New_Public explores what the internet would be like with digital public spaces, similar to the concepts of parks and libraries offline. They want to understand what makes a digital space healthy, and identified a variety of “civic signals” in their research, like Connect (the ability of people to connect with each other online and create power) and Act (using that power to effect change, online and off).

Center for Humane Technology

This organisation wants technology to be more humane, and originated the Time Well Spent campaign, a call to tech companies to consider how their technology could make users’ time online healthier and more positive. The Center for Humane Technology has also called for greater tech regulation, realising that some of the large tech companies are incapable of making change themselves.

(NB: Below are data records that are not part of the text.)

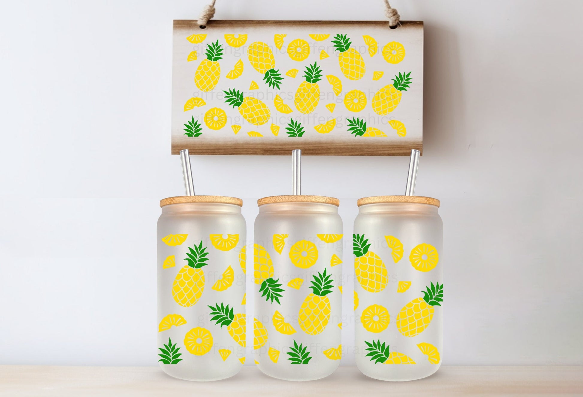 Summer Pineapple Printed Glassware - Dishwasher Safe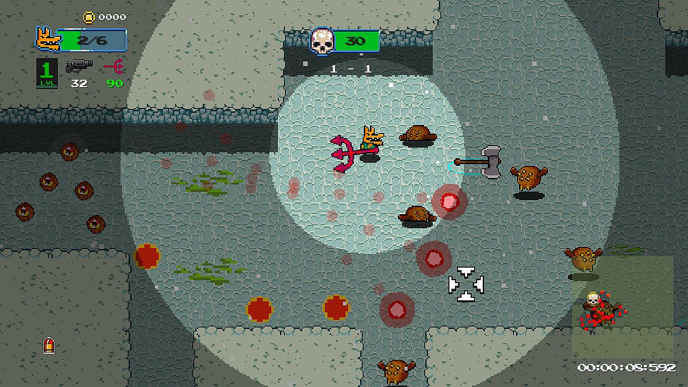 The fast-paced action is spiced up with a variety of unique items and weapons found throughout the procedurally or randomly generated levels.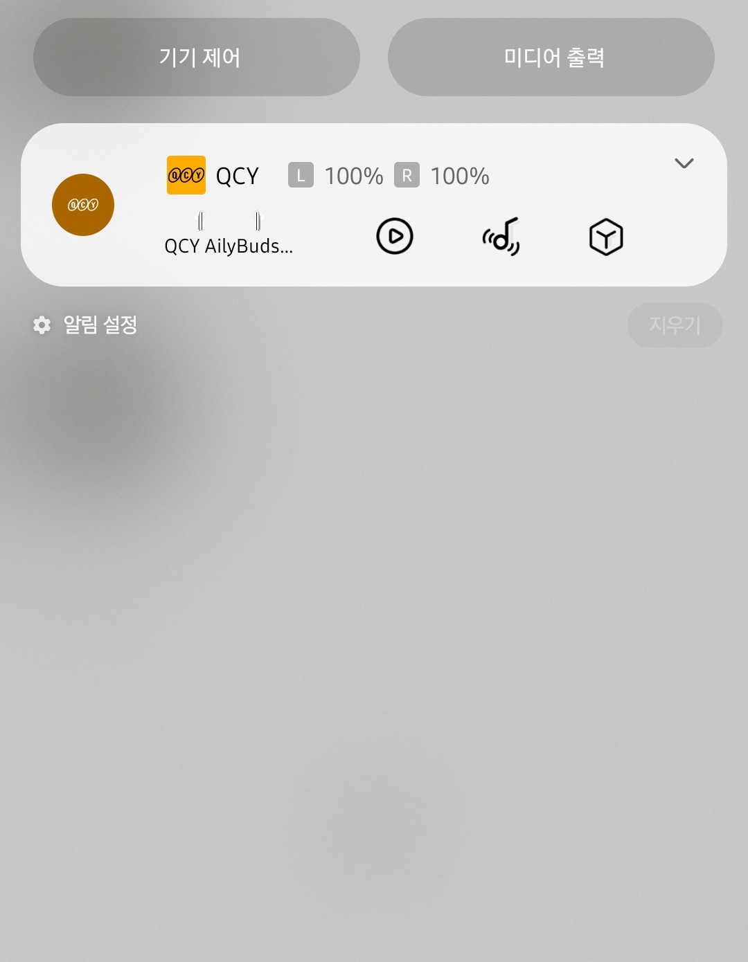 스마트폰 상태창에서 바로 노이즈 캔슬링을 ON/OFF 하는 버튼이 없습니다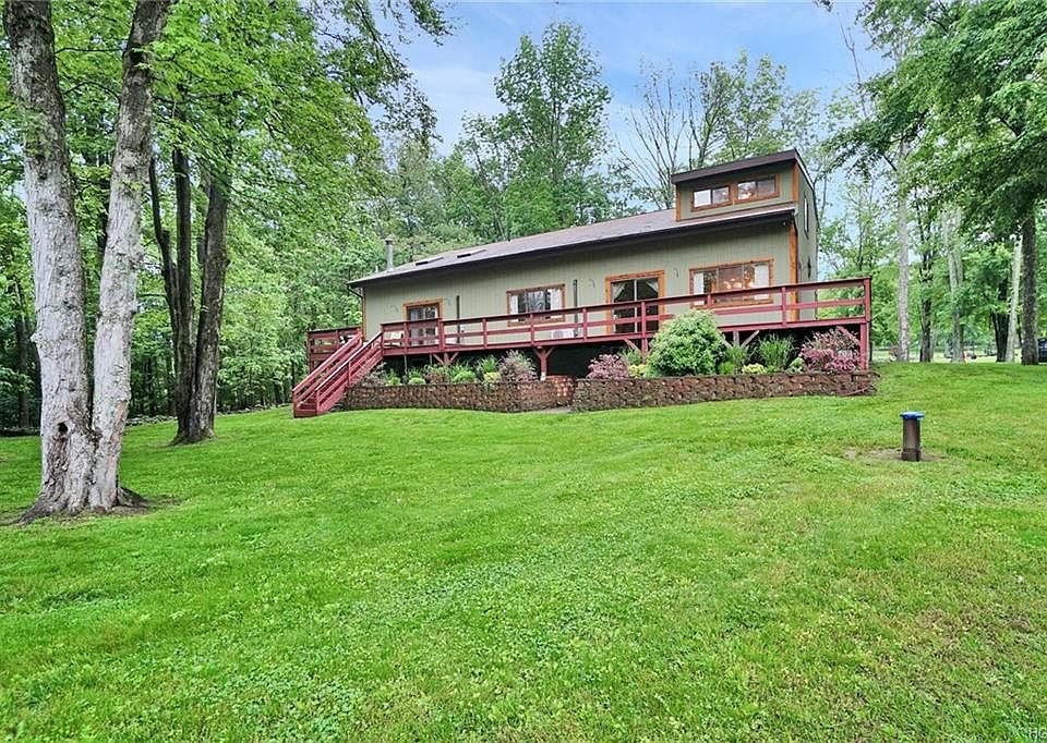 The perfect blend of contemporary style,spacious floorplan and thought filled upgrades are found in this unique home in a desired cul de sac in the Minisink Valley school district!Privacy meets a neighborhood setting and curb appeal is enhanced by wrap around deck overlooking rock wall,professional landscaping and stone work.Kitchen renovation was just completed and offers new stainless appliances,granite countertop,sleek cabinets and tile backsplash.Skylights and woodburning stove warm the family room and vaulted ceilings add a modern touch to over 2400 square feet of living space.Master suite is impressive with beautiful new bathroom with duo sinks and custom walk in closet.First floor bedroom has direct access to full bath for comfortable guest accommodations and two additional bedrooms and third bath are found upstairs.Exterior freshly painted,new driveway,two car garage,shed and basement for storage or work shop.Low taxes and minutes to train,town park and highways.

Finally, they recently released The Social Dilemma, a film exploring troubling aspects of legacy social media companies and how they manipulate our attention.


While the internet has been a lifeline to the LGBTQ+ community, allowing them a way of connecting with each other no matter their location, tech companies have also not addressed the specific issues this group face online, such as privacy violations. LGBT Tech campaigns on privacy, conducts research on LGBTQ+ people in tech, and their use of tech, and also runs PowerOn, ensuring that disadvantaged LGBTQ+ people can access tech.

Feminist Internet

Feminist Internet combines tech and art to promote equality and an ethical vision of the internet. They’ve designed and created several chatbots, including Maru, who gives advice and resources to tackle online harassment, and F’xa, who provides information on bias in AI. They have also created films and contributed to talks on antisemitism in memes and queering voices in AI.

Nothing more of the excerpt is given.